Review Summary: This is what Sam was talking about.
Review: When Frodo and Sam are on the stairs of Cirith Ungol and discussing stories and adventures Sam says: "We're in one, of course; but I mean: put into words, you know, told by the fireside, or read out of a great big book with red and black letters, years and years afterwards." Though this edition has less of the red letters than the Collectors Edition dose (page numbers etc.) this is the great big book Sam was talking about. To me, making that connection between the story and the physical book makes the experience all the more real in your mind. Plus the binding in this Leather edition seems much more durable than the Leatherette Collectors edition; the binding dose not want to bend when opened in the middle and the book will lay flat. I foresee myself reading this copy many times through out my life because that is what it was meant for. A book is not a book unless it is read and this is, and will always be, my most prized book.
Customer Rating: 



Review Summary: Absolutely Beautiful! Tolkien would be proud!

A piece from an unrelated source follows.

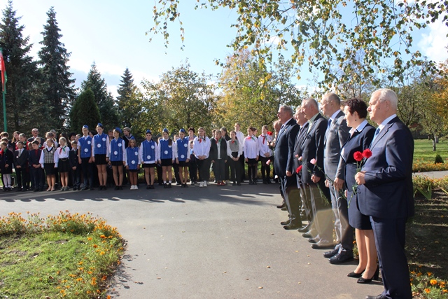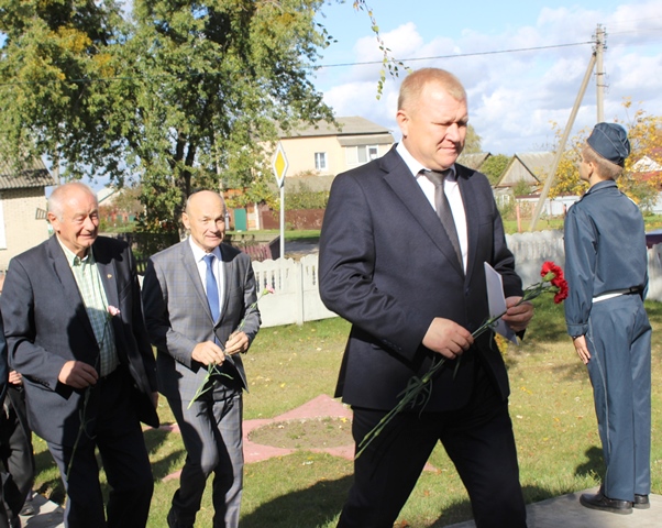 После этого делегация побывала в ГУО «Ганцевичская средняя школа имени Героя Советского Союза Антона Петровича Бринского», где приняла участие в торжественной линейке и возложила цветы к памятнику погибшим воинам и мемориальной плите А.П. Бринского.
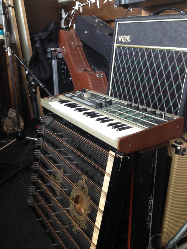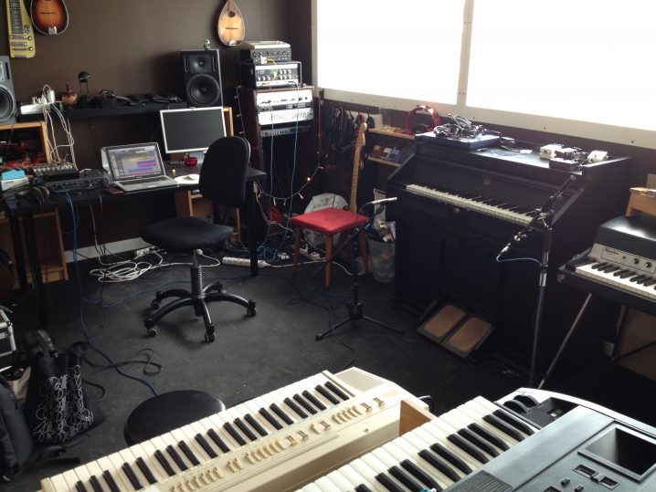 I would say the access to a lot of different instruments. We have a pump organ, a fender Rhodes, a piano, accordion, banjo, violin, mandolin, lap-steel, acoustic and electric guitars, electric basses, amps, loads of effect pedals, various synths and organs, zither, drums and so on. There are plenty of stuff to play around with. But what I really would like to improve are the acoustics for listening, because honestly what we got now is very far from optimal. Finding the sweet spot is very hard and I have to constantly reference listen in headphones and at home to know where I’m going with a mix. What I would like to do is just get someone in to help me out with it, but that costs a lot of money so at some point I will have to deal with it myself and just fucking do it. But I keep procrastinating unfortunately…

Review: This is what JRR Tolkien wanted! Not three individual books, but one epic! Beautiful dustcover to cover the big book. NOTE: the book is actually more fabric-y than leatherbound, but still beautful.
The best edition of the book I have ever seen.
Customer Rating: 



Review Summary: Review
Review: I think it is a very nice book, the maps add great character. It is a perfect gift fo any Lord of the Rings fan.
Customer Rating: 



Review Summary: Wonderful
Review: We are very pleased with the 50th Anniversary Edition. It is worth the money.
Customer Rating: 



Review Summary: Homely, Epic, Monstrous!
Review: C. S. Lewis is often quoted in describing the revolutionary effect of *The Lord of the Rings* on 20th-century literature. And with good reason. He was, after all, the first bona fide fan of Tolkien's great work, even years before LoftR was finally published.

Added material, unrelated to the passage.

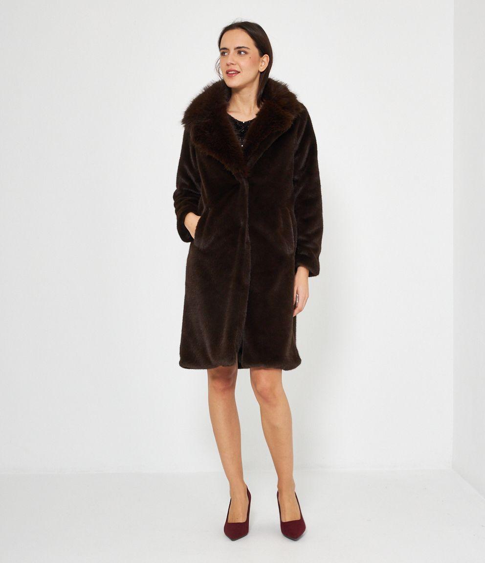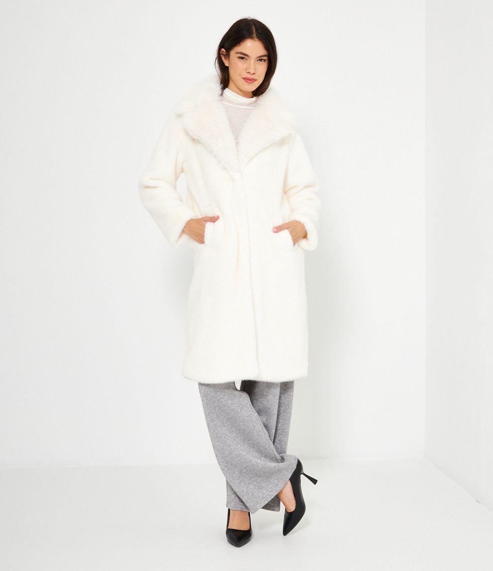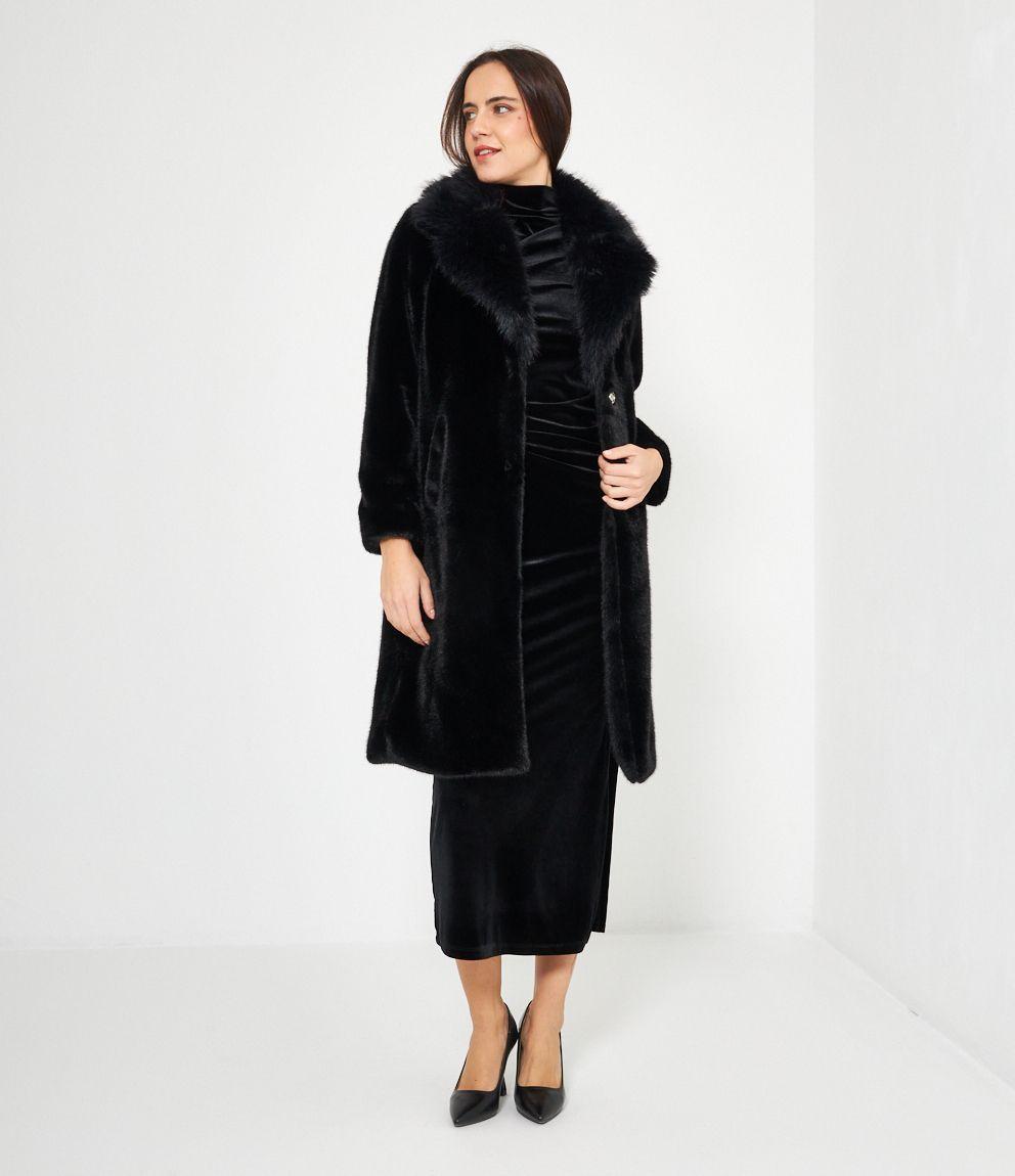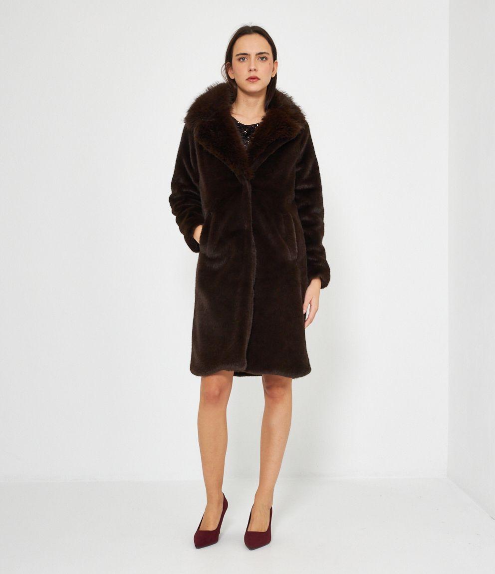 Pelliccia midi con collo revers, bottone centrale e tasche laterali.

Back in the 30s, 40s and 50s, Fantasy in the vein of Tolkien was not exactly in vogue, and C. S. Lewis considered himself somewhat old-fashioned in his literary taste. But, as the 60s and subsequent decades would have it, his taste turned out to be ahead of his time, and today a mountain consisting of many Million Tolkien fans has raised C. S. Lewis to a pinnacle of special honor for having been the first *Lord of the Rings* fan.

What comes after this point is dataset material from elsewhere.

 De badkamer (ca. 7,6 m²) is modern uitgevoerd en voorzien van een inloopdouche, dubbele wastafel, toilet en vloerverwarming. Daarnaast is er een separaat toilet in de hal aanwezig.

That's why I thought readers might be interested - instead of just having a lowly peon like myself heap yet more praise on Tolkien - to read a few additional lines by C. S. Lewis about LoftR.
Lewis' description of the the trilogy as "lightening from a clear sky" is well known, but he also wrote a blurb for LoftR. He did it because Tolkien's publisher, Sir Stanley Unwin, found the book so difficult to describe and therefore asked Lewis to write something that might serve as a blurb on the cover (although I'm not sure if it was ever used for that purpose).
This is Lewis' blurb, dated Dec 4, 1953:
"It would be almost safe to say that no book like this has ever been written. If Ariosto rivalled it in invention (in fact he does not) he would still lack its heroic seriousness. No imaginary world has been projected which is at once so multifarious and so true to its own inner laws; none so seemingly objective, so disinfected from the taint of an author's merely individual psychology; none so relevant to the actual human situation yet so free from allegory. And what fine shading there is in the variations of style to meet the almost endless diversity of scenes and characters - comic, homely, epic, monstrous, or diabolic!"
What else can I add but to say that I share C. S. Lewis' enthusiasm? LoftR was my introduction to Fantasy literature, and I'll keep coming back to it.